-------- EXTRACTED INFORMATION --------

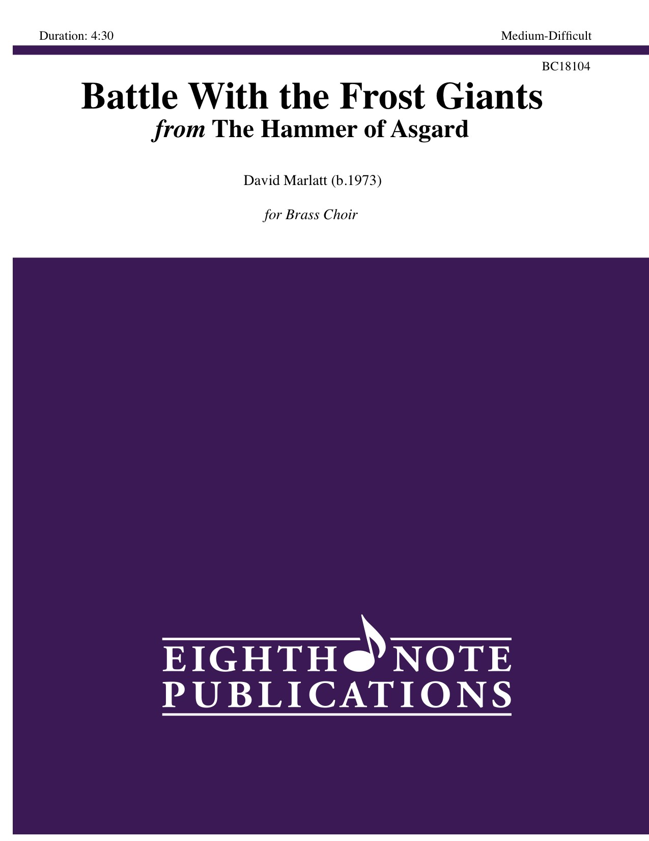 Battle with the Frost Giants is the third and final movement to The Hammer of Asgard, an original soundtrack style composition for brass and percussion. Using Norse mythology as the theme, The Hammer of Asgard introduces and explores the gods and other characters that make up these famous stories. Wailing Hollywood horns, brilliant trumpets, energetic percussion writing and powerful low brass parts make this fun to play for all and a wild adventure for audiences. |
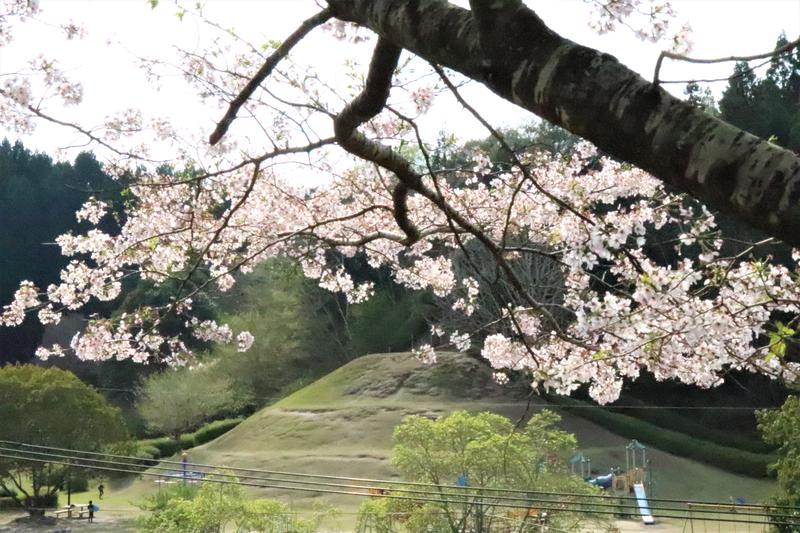 村山公園のテニスコートに向かう登り坂の山桜をパシャリ。7分咲きといったところでしょうか。
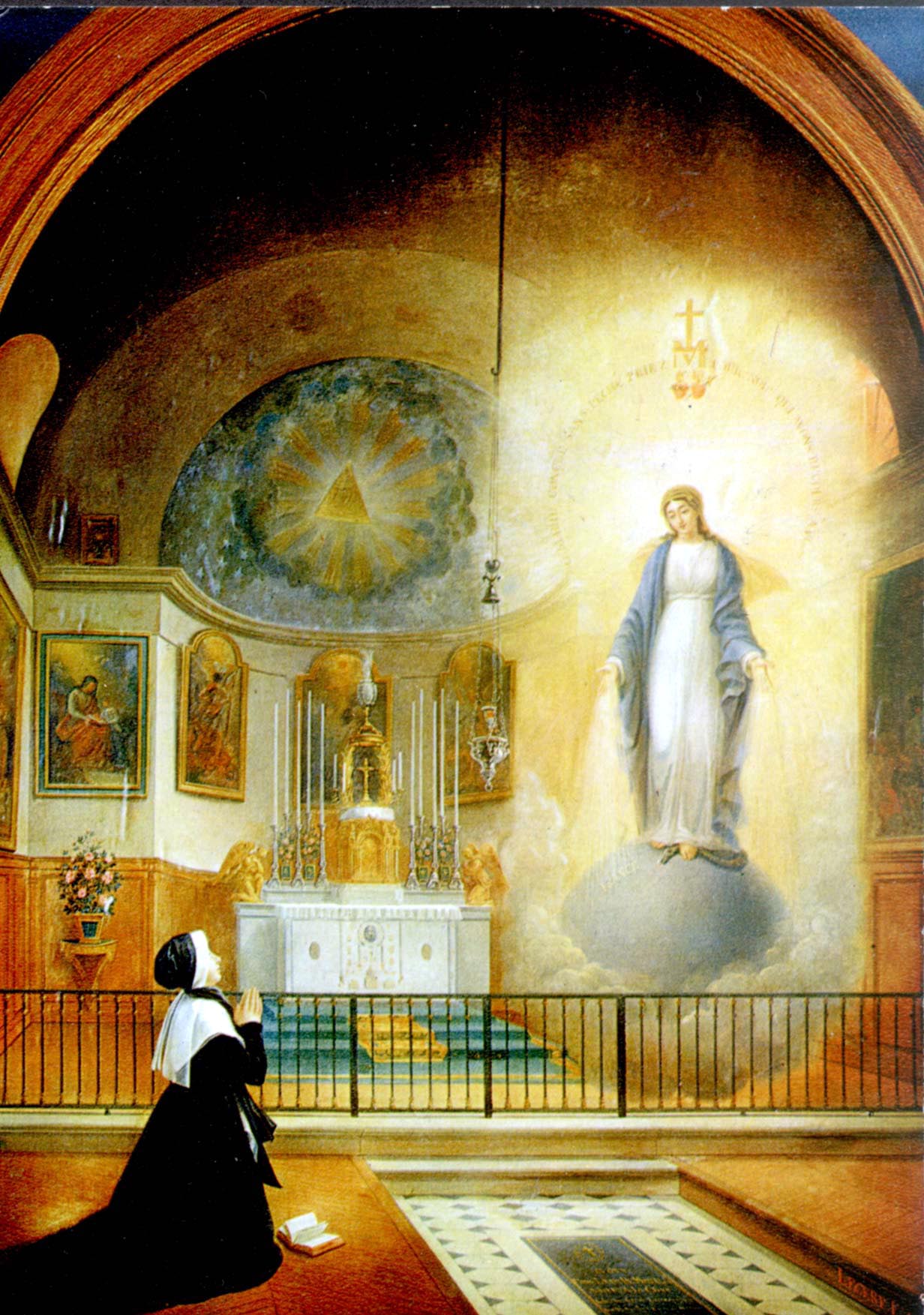 Catherine LABOURƒ, vision de la Vierge aux rayons, 27/09/1830, 140 rue du Bac, PARIS, Toile de LECERF, 1835. L'un des premiers tableaux des apparitions de Marie ˆ Catherine LabourŽ en 1830.
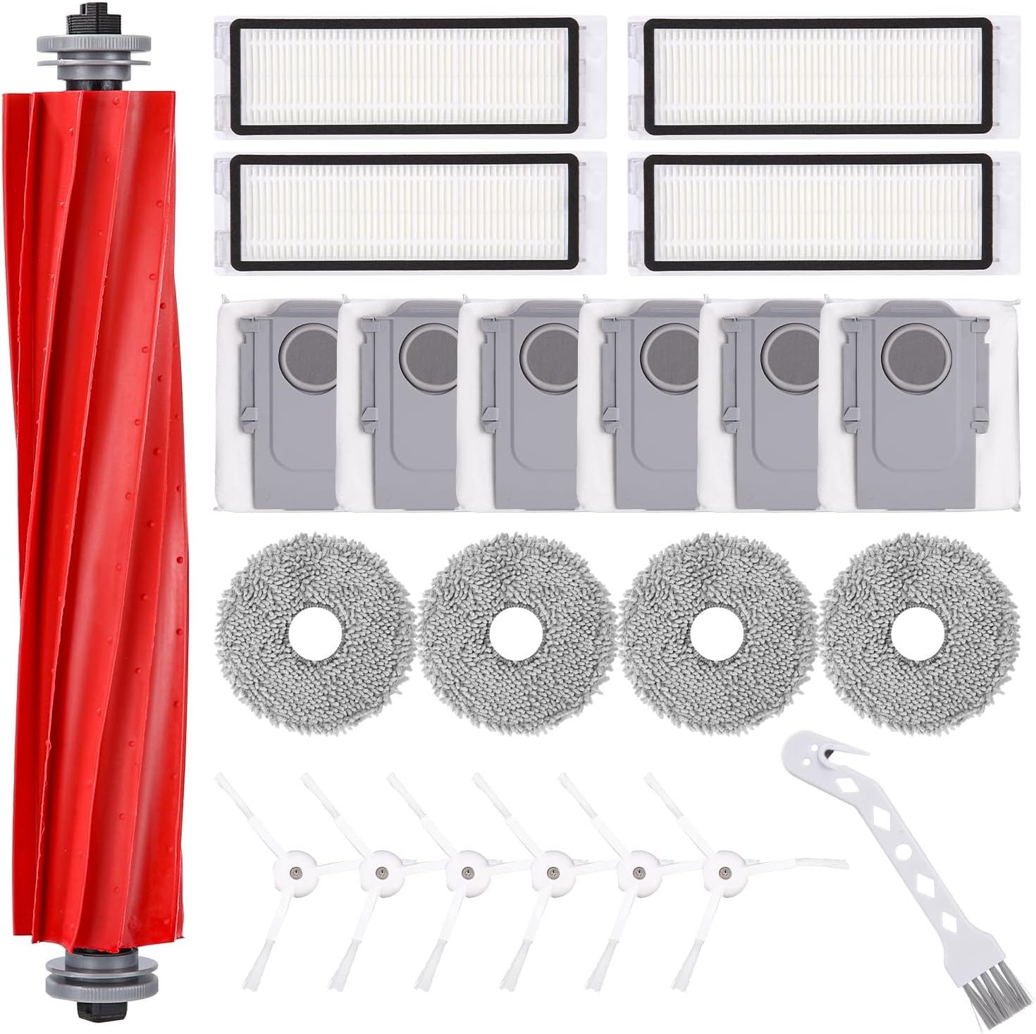 [Produkt umfasst]-Unser Produkt umfasst 1-Hauptbürste, 4-Filter, 6-Staubbeutel, 4-Tücher, 6-Seitenbürsten und eine kleine Bürste.
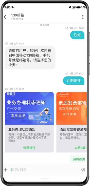 创新提出应用号服务,短信界面内可以服务交互,无需跳转
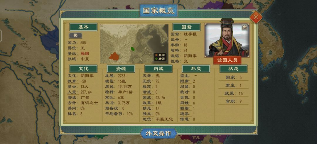 骚乱:受到文化,人口,以及赋税政策影响,过高的骚乱会导致税收减少,骚乱大于30获得"人心惶惶"debuff,可以通过【诛乱】或者开启【免税清空骚乱】来减少骚乱
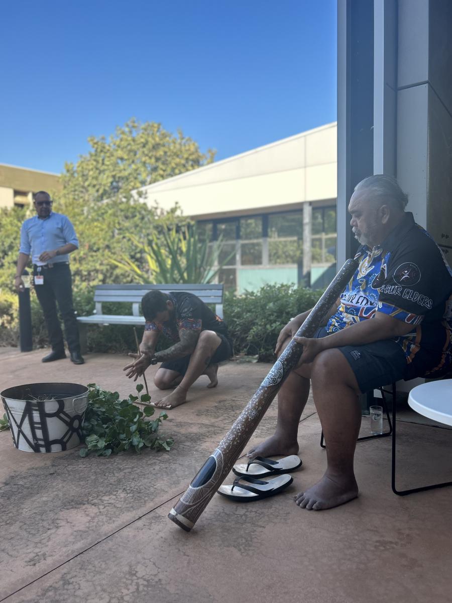 Image 5: Larrakia men, Trent Lee and his father Tony Lee on didgeridoo ran the Menzies NAIDOC Week Smoking Ceremony.
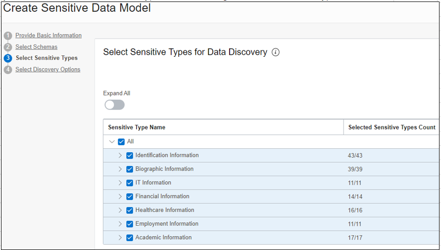Sensitive Data를 추출하기 위한 기준인 Sensitive Type을 선택한다.
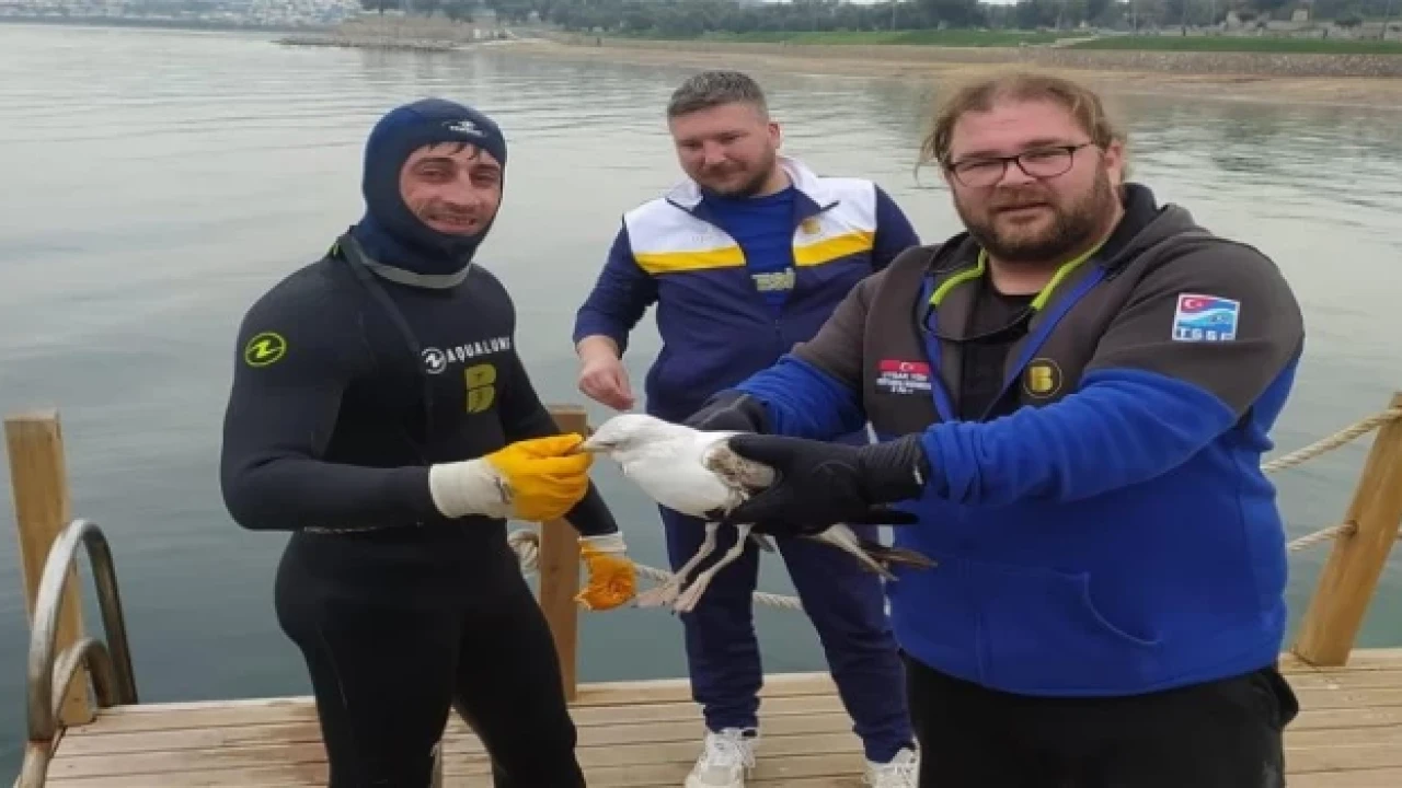 Gömeç’in su altı güzelliklerini dünyaya tanıtmak ve dalış eğitimi vermek için görev yapan Gürcan, balık tutkunlarına seslenerek, “Lütfen, kopan misinalarınızı, sahte maketlerinizi denizde ve deniz kıyısında bırakmayın! Martı ve kediler için ölümcül bir tuzak olabiliyor. Son anda fark etmemiz sayesinde martı kurtuldu ve yeniden doğal ortamına kavuştu” dedi.

--------

DIRECTIONS:
Please repeat the data above exactly as it appears, pictures excluded.

TASK OUTPUT:
 Battle with the Frost Giants is the third and final movement to The Hammer of Asgard, an original soundtrack style composition for brass and percussion. Using Norse mythology as the theme, The Hammer of Asgard introduces and explores the gods and other characters that make up these famous stories. Wailing Hollywood horns, brilliant trumpets, energetic percussion writing and powerful low brass parts make this fun to play for all and a wild adventure for audiences. |
 村山公園のテニスコートに向かう登り坂の山桜をパシャリ。7分咲きといったところでしょうか。
 Catherine LABOURƒ, vision de la Vierge aux rayons, 27/09/1830, 140 rue du Bac, PARIS, Toile de LECERF, 1835. L'un des premiers tableaux des apparitions de Marie ˆ Catherine LabourŽ en 1830.
 [Produkt umfasst]-Unser Produkt umfasst 1-Hauptbürste, 4-Filter, 6-Staubbeutel, 4-Tücher, 6-Seitenbürsten und eine kleine Bürste.
 创新提出应用号服务,短信界面内可以服务交互,无需跳转
 骚乱:受到文化,人口,以及赋税政策影响,过高的骚乱会导致税收减少,骚乱大于30获得"人心惶惶"debuff,可以通过【诛乱】或者开启【免税清空骚乱】来减少骚乱
 Image 5: Larrakia men, Trent Lee and his father Tony Lee on didgeridoo ran the Menzies NAIDOC Week Smoking Ceremony.
Sensitive Data를 추출하기 위한 기준인 Sensitive Type을 선택한다.
 Gömeç’in su altı güzelliklerini dünyaya tanıtmak ve dalış eğitimi vermek için görev yapan Gürcan, balık tutkunlarına seslenerek, “Lütfen, kopan misinalarınızı, sahte maketlerinizi denizde ve deniz kıyısında bırakmayın! Martı ve kediler için ölümcül bir tuzak olabiliyor. Son anda fark etmemiz sayesinde martı kurtuldu ve yeniden doğal ortamına kavuştu” dedi.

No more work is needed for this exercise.